### WORK REQUIRED
Starting at the first line of the data, please print exactly those lines through the one that holds "The Bryson Button", omitting every picture.

### SOURCE DATA
━━━━━━━━━━

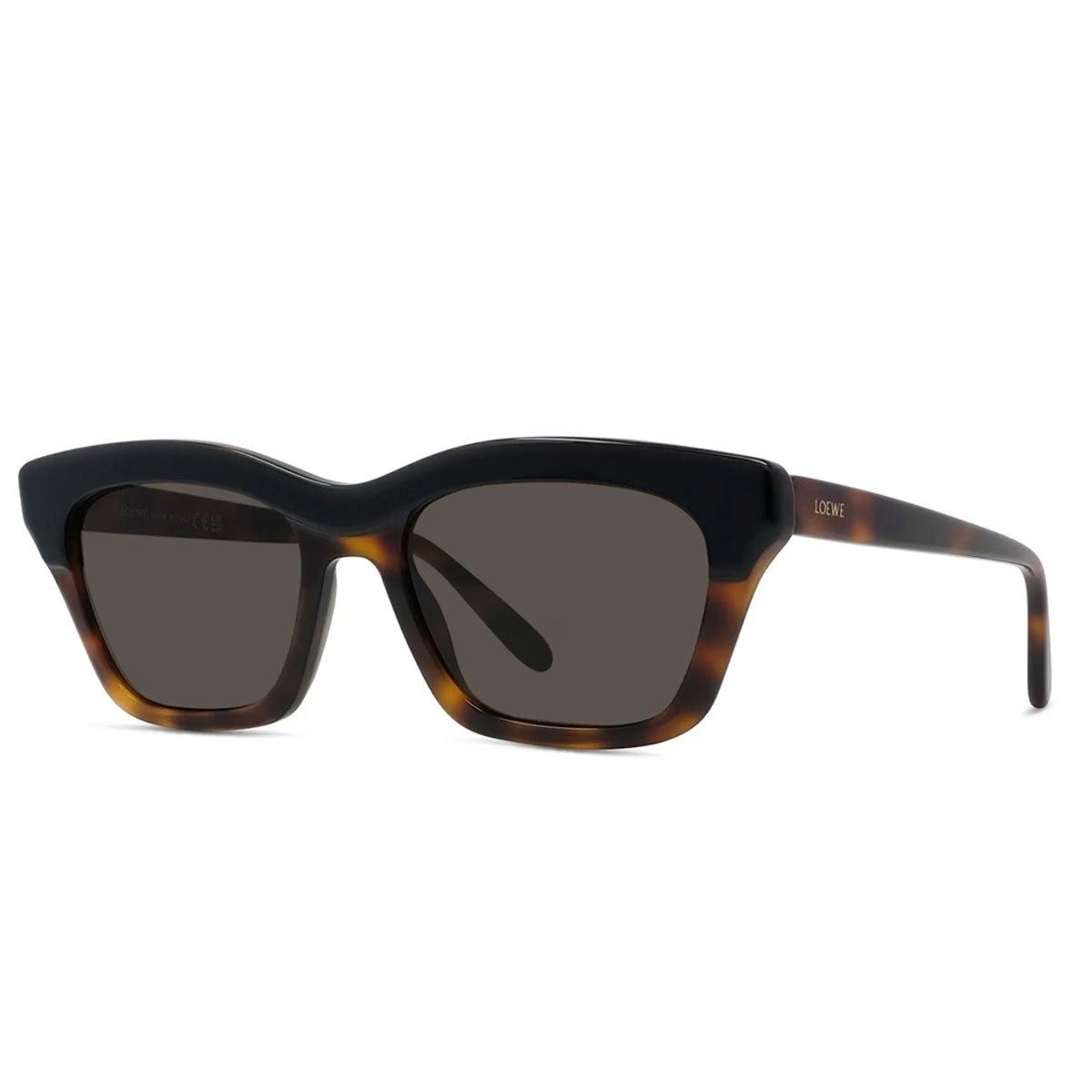 Le aste in acetato, dal profilo sottile e di dimensioni ridotte, sono impreziosite dal logo Loewe con base laccata su entrambe, elemento distintivo che sottolinea l’eleganza discreta del brand.
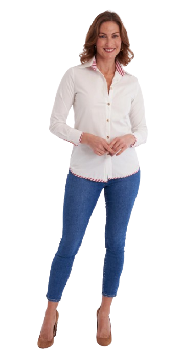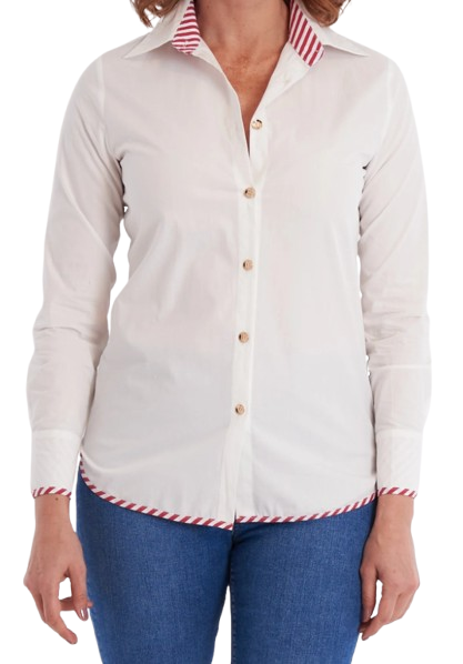 The Bryson Button Down in White/Mulberry Stripe puts a playful spin on a classic look. Featuring clean, crisp white fabric with gold buttons and peek-a-boo striped cuffs, this shirt adds a fun surprise to your everyday style. Perfect for mixing timeless elegance with a touch of whimsy.
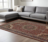 Set an inviting tone in your space with this 8-foot x 11-foot ivory red and blue oriental area rug. Ideal for spaces with kids and pets, this rug is stain resistant to help repel dirt and spilled liquids. Built to last, this rug crafted from polypropylene fibers is known for its durability and long lasting appeal. Rugs are a great way to showcase your style, hide imperfections, warm your home and reduce noise. This larger sized, traditional styled rug is ready to create a focal point or statement piece in your room. 94.49-inch h x 129.92-inch w x 0.43-inch d.

━━━━━━━━━━

### ANSWER BOX
 Le aste in acetato, dal profilo sottile e di dimensioni ridotte, sono impreziosite dal logo Loewe con base laccata su entrambe, elemento distintivo che sottolinea l’eleganza discreta del brand.
 The Bryson Button Down in White/Mulberry Stripe puts a playful spin on a classic look. Featuring clean, crisp white fabric with gold buttons and peek-a-boo striped cuffs, this shirt adds a fun surprise to your everyday style. Perfect for mixing timeless elegance with a touch of whimsy.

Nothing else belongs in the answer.